Сейчас я пришел в «Ленком» в другом качестве. Когда меня Сан Саныч Лазарев позвал сначала в свой «Бег» сыграть Чарноту, а потом в «Поминальную молитву» — Менахема, для меня это было воодушевлением. Это же была моя детская, юношеская мечта играть Менахема.
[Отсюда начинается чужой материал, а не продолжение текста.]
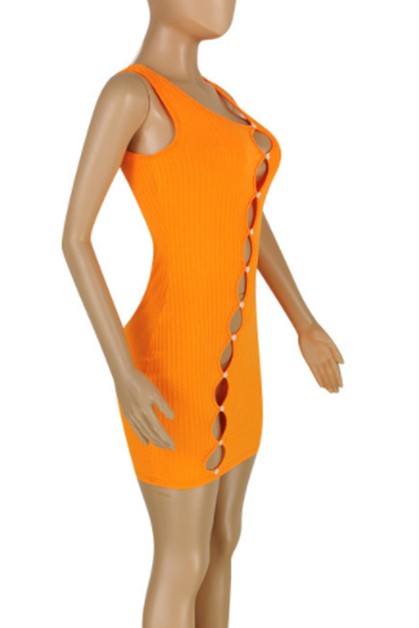 hole solid color sexy dress

Вообще, в этот театр я как-то счастливо и стремительно влетел во многом благодаря Сан Санычу. Он мой режиссер.
— Вы много лет приятельствуете, непривычно слышать это обращение: Сан Саныч.
— Иногда я зову его Саша. Но чаще Сан Саныч. Меня же тоже почему-то с 25 лет стали звать Максим Викторович. Я не настаивал. Только для очень избранных был всегда Максиком, Масяней.
— Вы какому театру принадлежите?
— Моя трудовая книжка лежит в Театре сатиры, но там у меня пока творческий кризис, несмотря на то что не так давно у меня была премьера «Арбенин. Маскарад без слов». Дальше планов нет... Вообще, режиссеры имеют такое удивительное качество — они тебя забывают, и иногда очень быстро. Говорят: «Потом, старичок, мы обязательно что-нибудь сделаем». А тебе уже раз — и пятьдесят. Я должен жить перспективно. Поэтому пока в Театре сатиры думают о том, что со мной делать, я не останавливаюсь. Но я не жалуюсь. Знаешь, самое главное приобретение моей жизни — это ощущение, что я ничего не умею и готов к новым открытиям и новому витку. Я все еще подающий надежды.
— Мне кажется, ты поэтому и развиваешься, что нет этого ощущения: я молодец, я мастер.
— Это не про меня совершенно! Я сейчас преподаю в Щукинском училище как приглашенный педагог. Был на гастролях в Иркутске, когда у детей проходил ответственный показ. Пришли Леонид Ярмольник и Сергей Урсуляк, и студенты, видимо, решили сыграть как никогда. И сыграли как никогда плохо. А я в Иркутске, у меня пять часов разница с Москвой, и я не сплю, жду от детей звонка. А они не звонят, боятся.
И я набрал:
— Алло, что такое?
— Максим Викторович, мы сегодня сыграли не очень.
— Я понял, а чего молчим-то?
И мне мой студент говорит:
— Это так ужасно. Ведь играли нормально раньше, я так хочу быть стабильным...
— Мой дорогой, успокойся: мне почти 50 лет и я до сих пор нестабилен.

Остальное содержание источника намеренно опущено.